What this task involves>
Each line from the one containing "Breast Badge, 65x60" to the end of the data must be copied exactly, the first and last included; no other lines and no pictures belong in the copy.

Provided material>
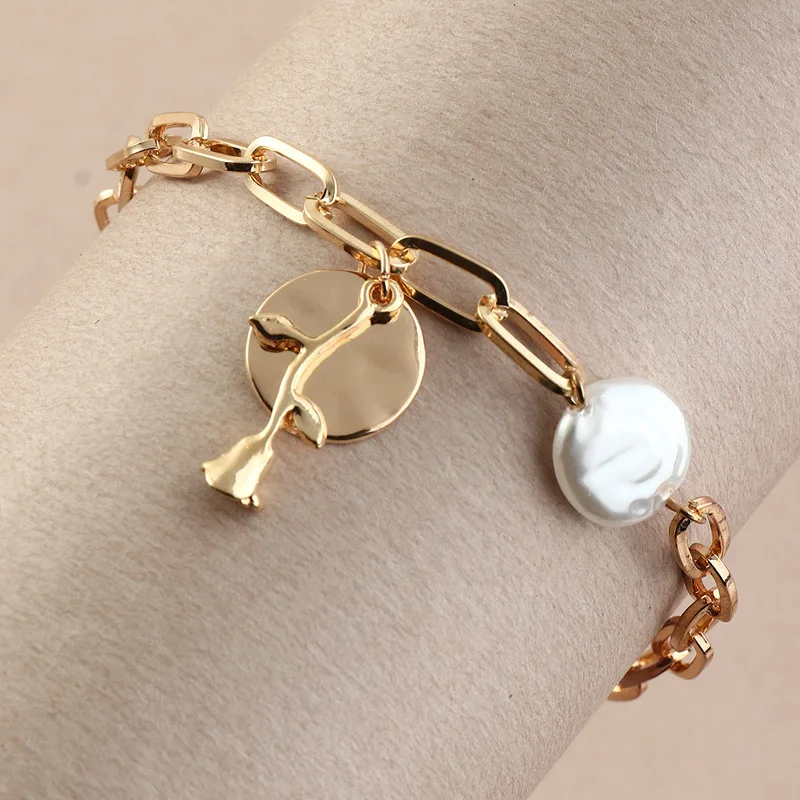Ретро стиль, покрыто розовым цветком Cbarms браслеты из нержавеющей стали для женщин в стиле бохо, большое Золотое наполнение из звеньев в едином положении во время занятий легкой атлетикой, мужские браслеты в стиле панк ювелирные изделия для девушек, пара подарок любимым
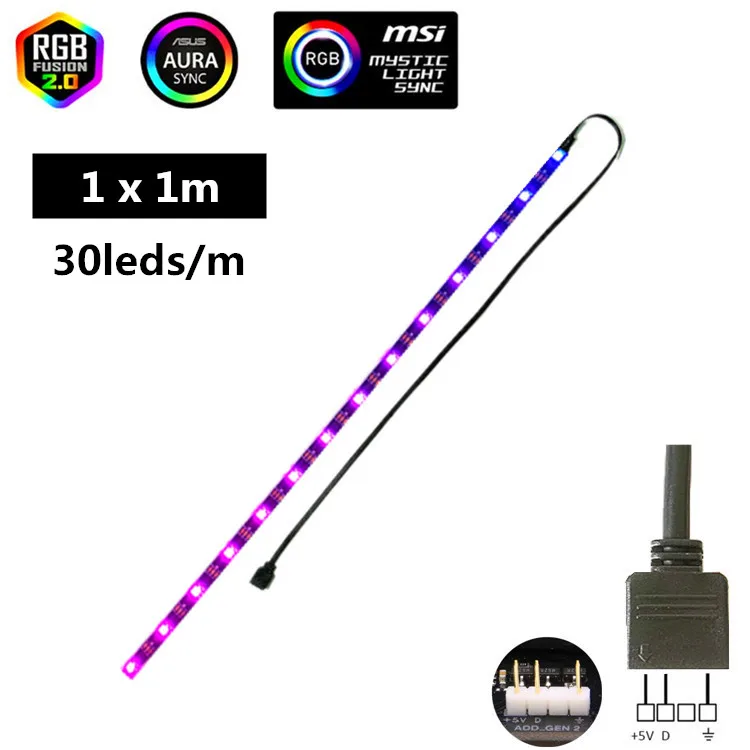 Cette bande LED pour boîtier PC est conçue pour fonctionner avec les systèmes ASUS AURA SYNC, MSI Mystic Light et GIGABYTE RGB Fusion 2.0. Elle est dotée d’un modèle IC WS2812b et d’une source lumineuse LED RVB 5050. La bande contient 30 LED par mètre ou 60 LED par mètre, selon votre choix. La longueur du câble est de 50 cm et vous pouvez ajouter un séparateur de câble de 30 cm si nécessaire. Elle fonctionne avec une tension de 5V et est disponible en versions non étanches IP30 ou étanches IP65. Les broches sont définies comme suit : + 5V, D, N/A, GND. La bande LED ne doit pas être connectée à une broche 12V RGB_HEADER, cela pourrait endommager la bande entière.
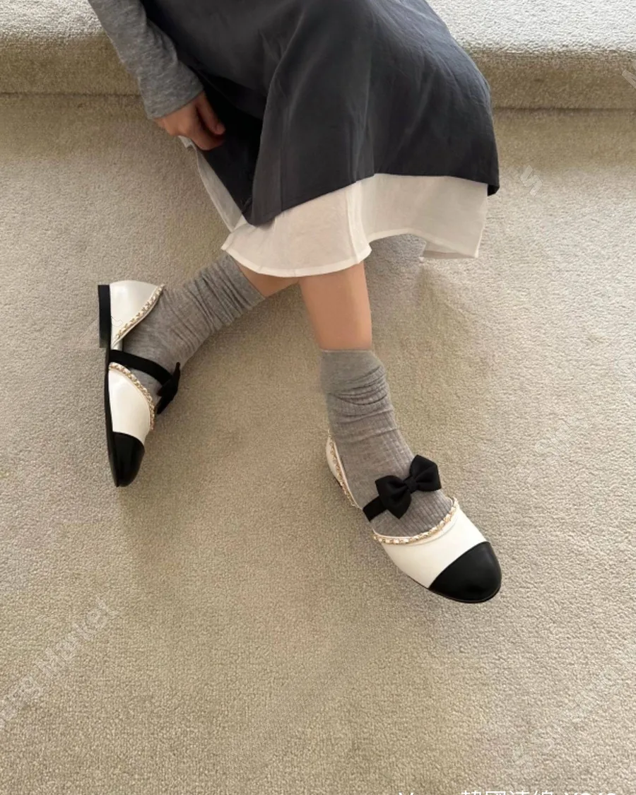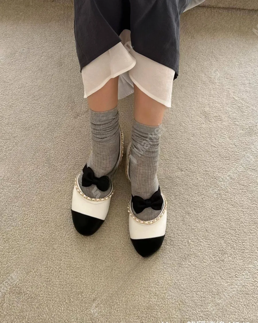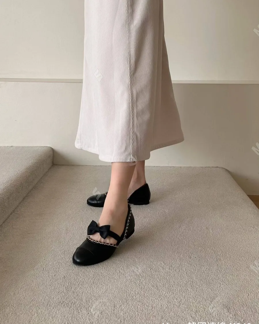小香風蝴蝶結鏈條瑪莉珍鞋
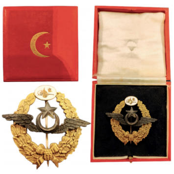 Breast Badge, 65x60 mm, Silver and gilt SIlver, multipart construction with vertical pin on the back. In original case of issue with gilt inscription on the lid. A rare piece of German manufacture. I R!
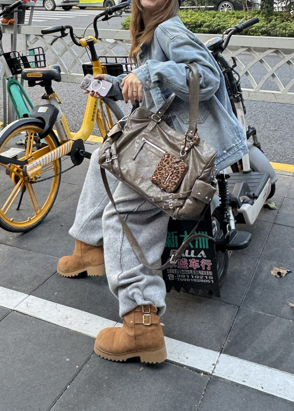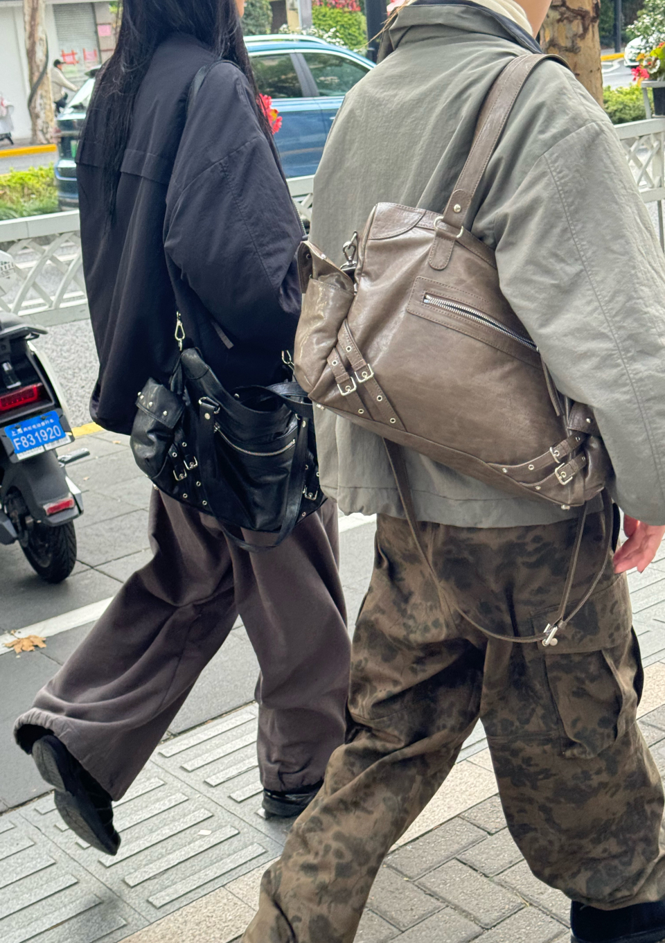 (DEINET) STUD POCKET BIG BAG IN KHAKI
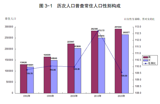 根据第七次全国人口普查结果,现将2020年11月1日零时我市常住人口性别构成情况公布如下:

Solution for this task>
 Breast Badge, 65x60 mm, Silver and gilt SIlver, multipart construction with vertical pin on the back. In original case of issue with gilt inscription on the lid. A rare piece of German manufacture. I R!
 (DEINET) STUD POCKET BIG BAG IN KHAKI
 根据第七次全国人口普查结果,现将2020年11月1日零时我市常住人口性别构成情况公布如下:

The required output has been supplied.